Proof by Natural Deduction
By the tableau method of natural deduction:
| Line | Pool | Formula | Rule | Depends upon | Notes | |
|---|---|---|---|---|---|---|
| 1 | 1 | $\top$ | Premise | (None) | ||
| 2 | 2 | $\bot$ | Assumption | (None) | If a contradiction were assumed ... | |
| 3 | 2 | $\neg \top$ | Rule of Explosion: $\bot \EE$ | 2 | ||
| 4 | 1, 2 | $\bot$ | Principle of Non-Contradiction: $\neg \EE$ | 1, 3 | ||
| 5 | 1 | $\neg \bot$ | Proof by Contradiction: $\neg \II$ | 2 – 4 | Assumption 2 has been discharged |
$\Box$
By the tableau method of natural deduction:
| Line | Pool | Formula | Rule | Depends upon | Notes | |
|---|---|---|---|---|---|---|
| 1 | 1 | $\neg \bot$ | Premise | (None) | ||
| 2 | 2 | $\neg \top$ | Assumption | (None) | To assume a non-truth ... | |
| 3 | 2 | $\bot$ | Sequent Introduction | 2 | from above result | |
| 4 | 1 | $\top$ | Reductio ad Absurdum | 2 – 3 | Assumption 2 has been discharged |
$\blacksquare$
Proof by Truth Table
We apply the Method of Truth Tables to the proposition.
As can be seen by inspection, the truth values in the appropriate columns match.
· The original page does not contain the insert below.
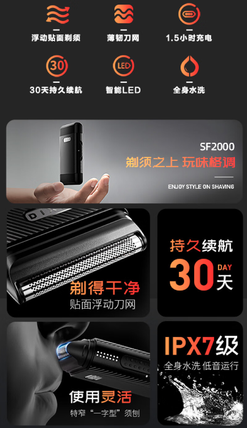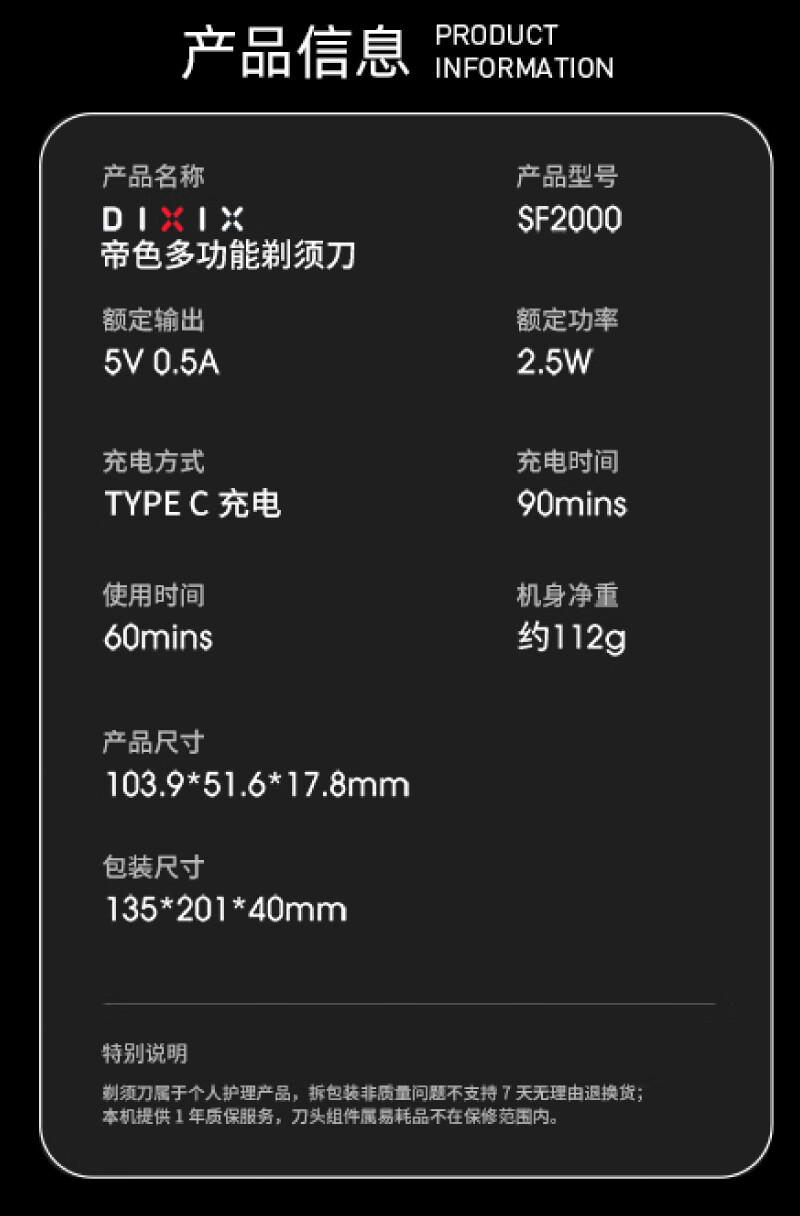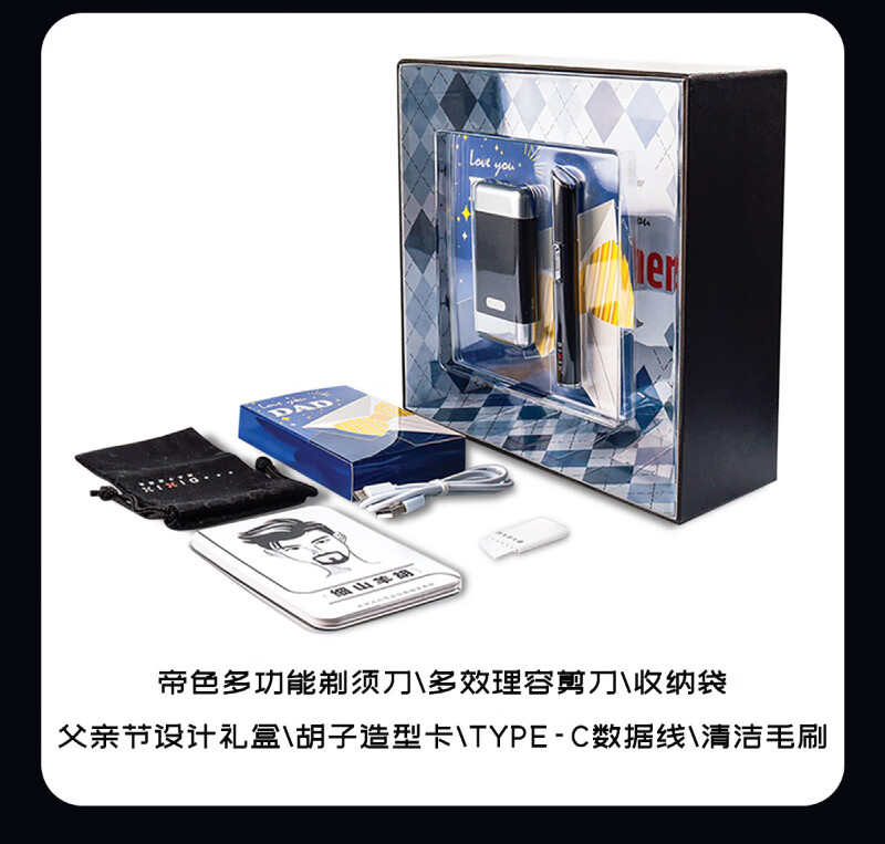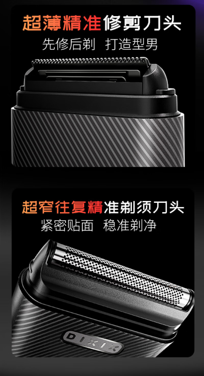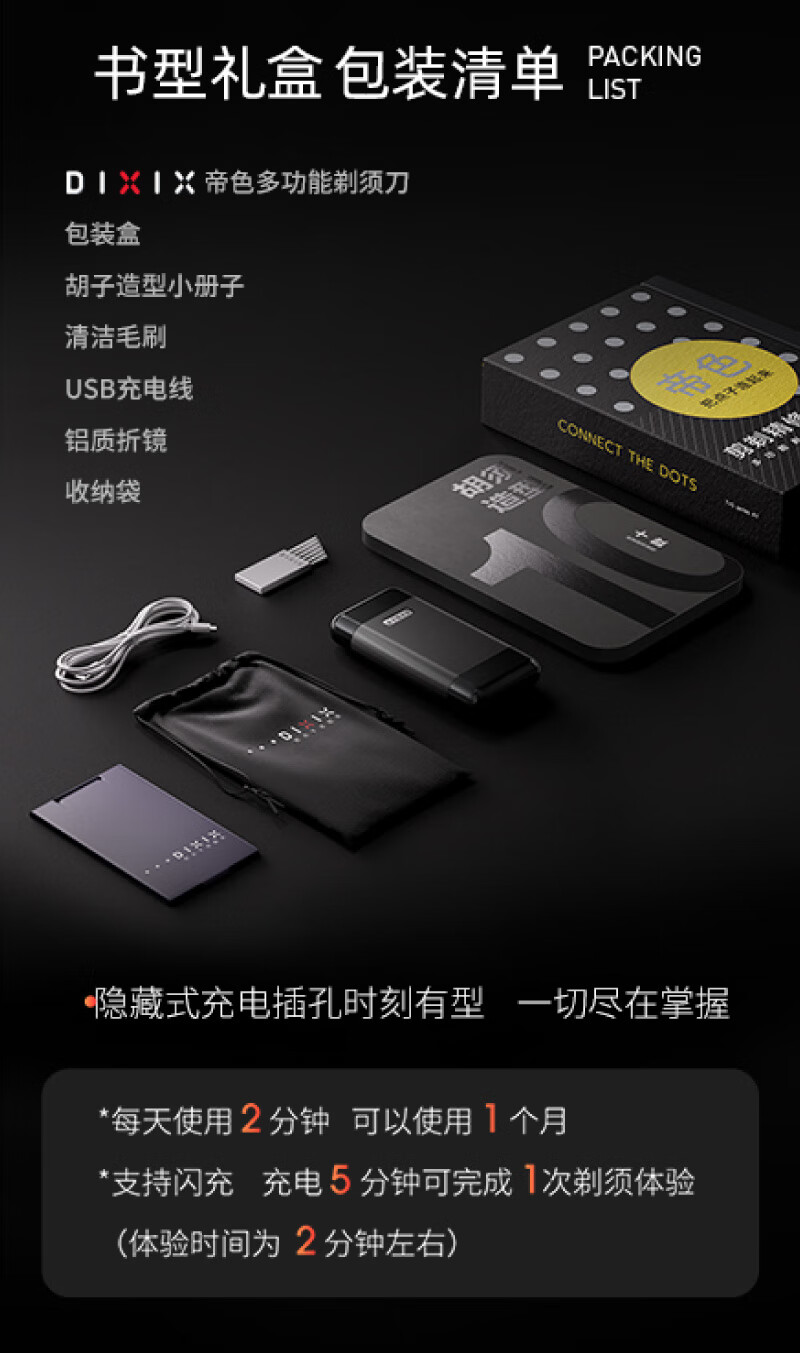 DIXIX帝色便携多功能双刀头剃须刀 可拉花鬓角胡须造型 全身水洗 60分钟长续航 差旅出行必备神器 书型礼盒磨砂金属灰TS-A10

$\begin{array}{|c||cc|} \hline \bot & \neg & \top \\ \hline \F & \F & \T \\ \hline \end{array}$
$\blacksquare$
Proof by Boolean Interpretation
Let $p$ be a propositional formula.
Let $v$ be an arbitrary boolean interpretation of $p$.
Then:
- $\map v p = T \iff \map v {\neg p} = F$
by the definition of the logical not.
Since $v$ is arbitrary, $p$ is true in all interpretations if and only if $\neg p$ is false in all interpretations.
Hence:
- $\top \dashv \vdash \neg \bot$
$\blacksquare$
Law of the Excluded Middle
This theorem depends on the Law of the Excluded Middle, by way of Reductio ad Absurdum.
This is one of the logical axioms that was determined by Aristotle, and forms part of the backbone of classical (Aristotelian) logic.
However, the intuitionist school rejects the Law of the Excluded Middle as a valid logical axiom.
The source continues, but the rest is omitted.